San Francisco Gold Rush 1849.

The Irish Americans

Immigration. Rincon Point from Rincon Hill.

From the 1850s, large, well-appointed houses were built on the slopes of San Francisco's hills, including Rincon Hill, a highpoint overloking the Gold Rush settlement. Views were over the bay, but also over the industries of Tar Flat and the unruly settlement spreading south of Market Street, which included predominantly Irish immigrants. Only a back fence might separate the wealthy and the working class.

October 15, 1853, Sacramento Daily Union, Sacramento, California

The Irish Patriot, John Mitchel.

The San Francisco Herald of Thursday contains interesting particulars of the biography of the Irish patriot and refugee, John Mitchell. This gallant son of the Emerald Isle is now a dweller on soil uncontaminated by the oppression; servitude and worse than Egyptian bondage under which he, with millions of his countrymen, have been suffering all their lives long. It is with pleasure that we now enumerate him among those who are in reality enjoying the blessings of civil and religious freedom.

John Mitchel, the Irish Exile, whose escape from Van Diemen's Land, is noticed elsewhere, arrived yesterday afternoon in this port, accompanied by his wife and children, and is now lodging at Jones' Hotel. No words of ours can express the delight with which we welcome this gallant and sterling patriot to the shores of California. Since Robert Emmet offered up his pure life on the scaffold, in vindication of his country's rights, no such man as John Mitchell has ever flung himself into the breach, in defence of Irish Independence.

The Irish Exiles of 1848 have never, as is well known, admitted the validity of their pretended trials and convictions before juries packed by the English Government. They hold themselves captives in the hands of pirates, and have no scruple in escaping out of the power of their enemies, whenever they can do so, without violating their parole of honor, an obligation which must be observed even with pirates.
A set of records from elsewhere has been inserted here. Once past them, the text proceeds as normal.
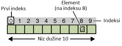 cout << "Element sa indeksom 0: " cout << niz[0]); // ispis indeksa i vrijednosti elementa niza
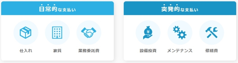 外注費や仕入れ費用など、突然発生する支払いにも間に合わせやすいのが大きなメリットです。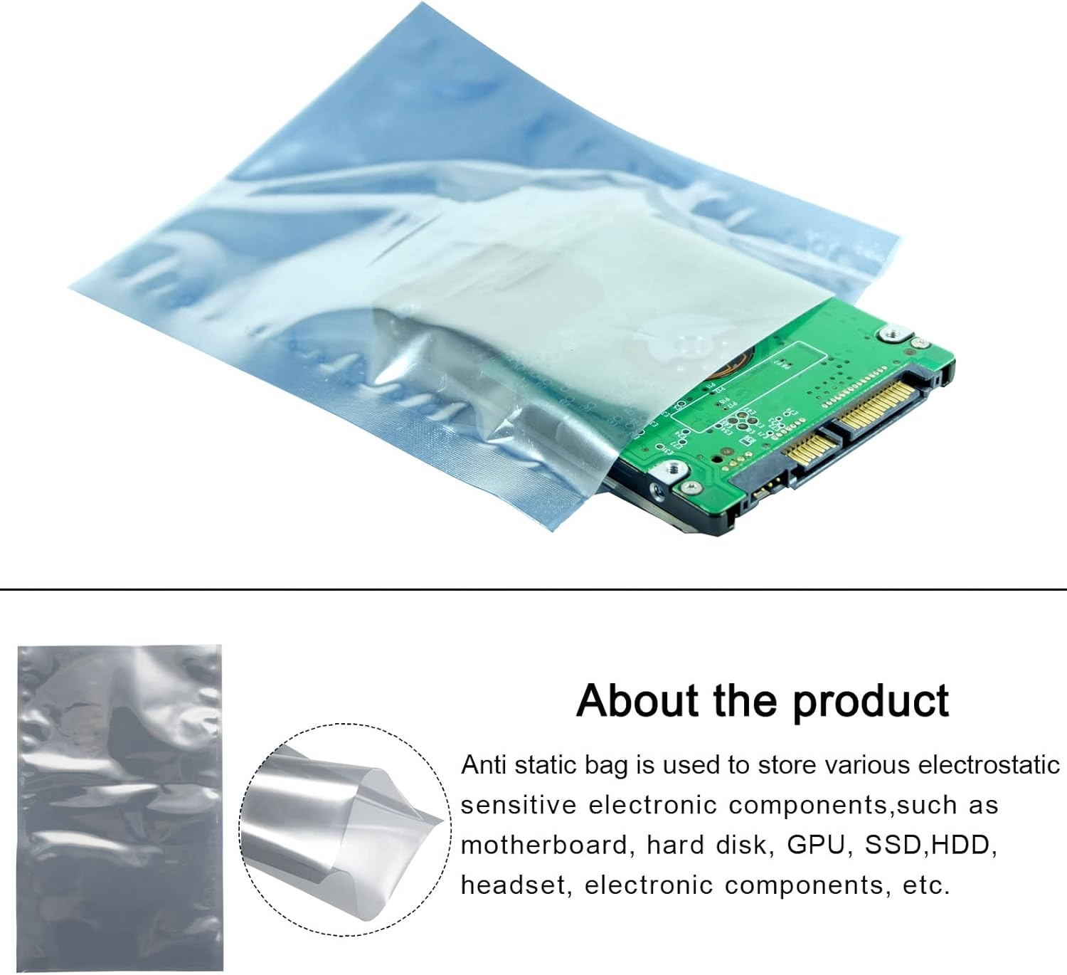 3-[Wide Application]: Anti static bag is used to store various electrostatic sensitive electronic components, such as motherboard, hard disk, GPU, SSD, HDD, headset, electronic components, etc.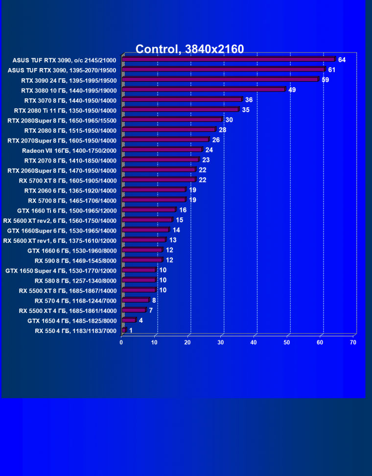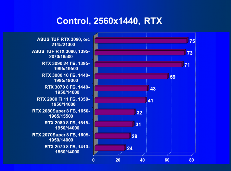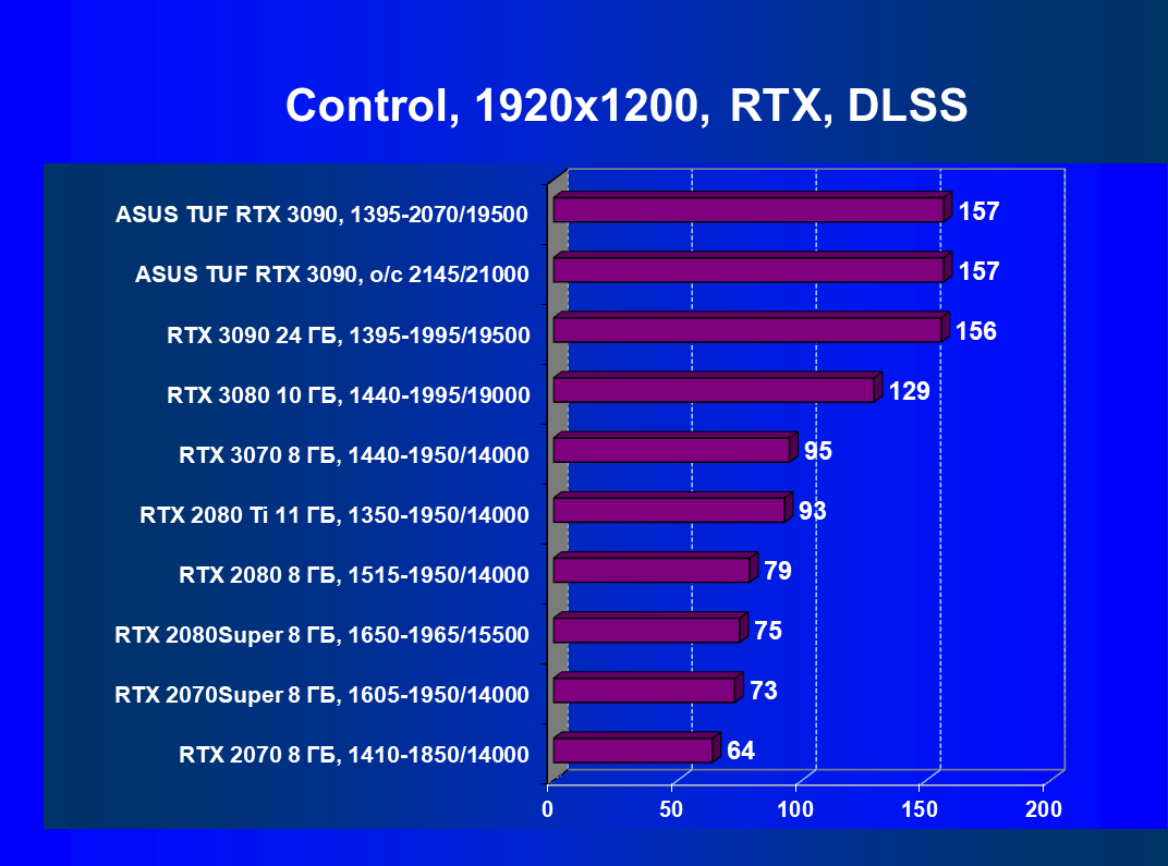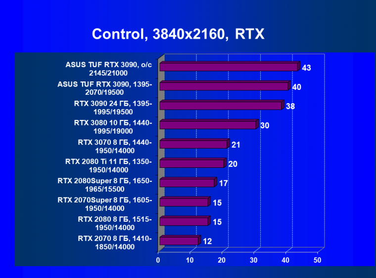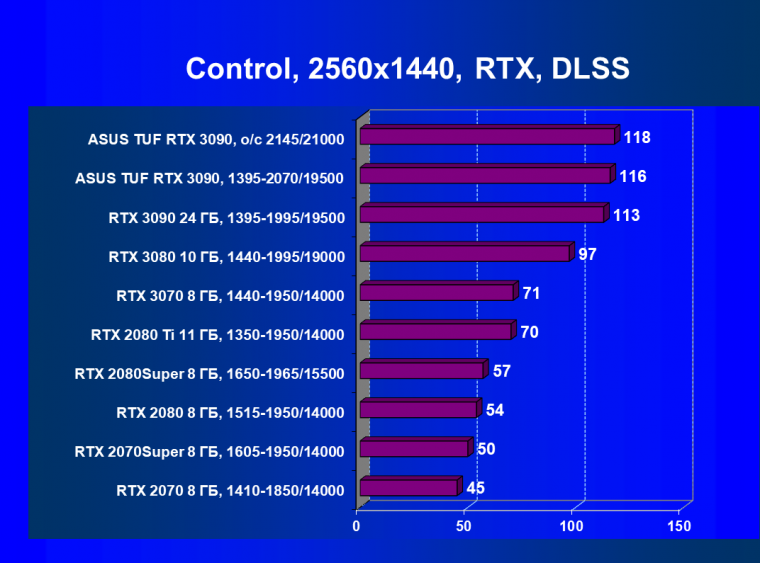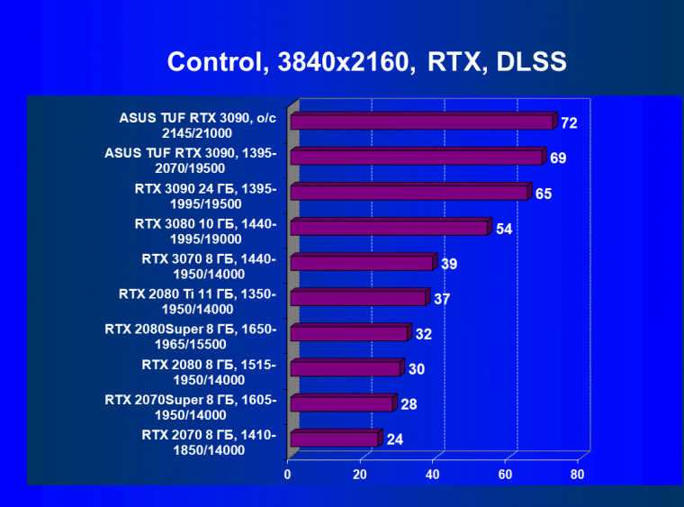 Стоит снова повторить, что наличие большого объема памяти и прекрасная производительность дает GeForce RTX 3090 право называться первым видеоускорителем игрового класса для разрешения 8К. Игры должны поддерживать умный антиалиасинг DLSS 2.0 (причем именно для разрешения 4К и выше), тогда комфорт при игре на огромных 8К-телевизорах будет обеспечен при сохранении всех настроек графики по максимуму.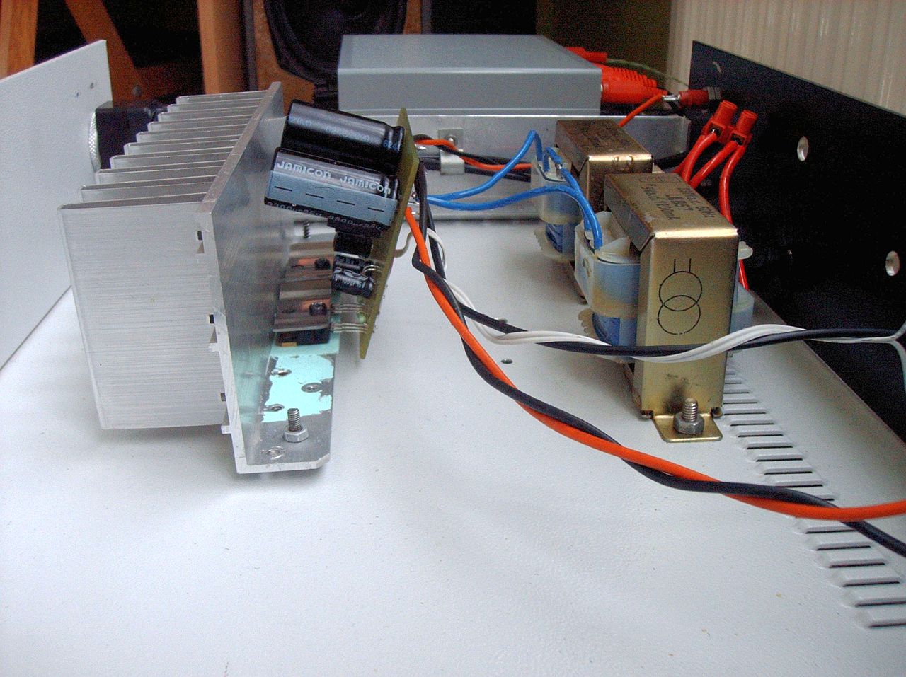 Na csináltam egy nagyobb teljesítményű verziót, 28V táppal, 40mA nyugalmival, bd243-244 -el. Ez már bulizós hangerőt is tud...

The last prisoner who has escaped their clutches, and fled for refuge under the American flag, is John Mitchel, who arrived last evening, as we have stated, accompanied by his wife and children, they having, about two years ago, followed him to his place of bondage. The circumstances of his escape are briefly these:

Mr. P. J. Smyth, of New York, (himself a rebel of 1848) went to Van Dieman's Land, with the express mission to rescue some one or more of the Irish State Prisoners. Nothing could have been easier than to escape, if they could have thought of doing so clandestinely, and without regard to their promise; but in order to discharge thonselves of that obligation, they felt it necessary to formally withdraw their parole before the proper authority, and present themselves to be taken into custody. The parole is to the effect that they would not escape from the colony so long as they held a "ticket of leave," which gave them a species of liberty, within a certain designated police district; but this "ticket of leave" is a thing which may at any time be taken away by the convict authorities, or resigned by the prisoners.

Now, while Mr. Smyth was in Van Dieman's Land, and before any movement whatever was made by any of the prisoners, the local government, by means of some of their eaves-dropping detectives, had learned his real views, and Mr. Smyth was actually arrested, held in custody for three days, and most ignoniiniously abused, under a warrant directed against John Mitchel. Mr. Smyth, in short, was taken for Mr. Mitchel, under the false and insolent assumption that Mr. Mitchel was " absconding," whilst he was all the time living quietly at his cottage in Bothwell, and was under parole of honor not to abscond. This was a gross outrage on Mr. Smyth, and an outrage hardly less gross on Mr. Mitchel. He now at length resolved to avail himself of Mr Smyth's offers of assistance, and leave the Island, not clandestinely, but openly. Accordingly, be wrote and despatched the following note to the Lieut. Governor, Sir Wm. Denison.

Bothwell, 8th June, 1833 
"Sir: I hereby resign the 'comparative liberty' called 'ticket of leave, and revoke my parole of honor. I shall forthwith present myself before the police magistrate, of Bothwell, at his police office, show him this letter, and. offer myself to be taken into custody. I am, sir, your obedient servant, John Mitchel."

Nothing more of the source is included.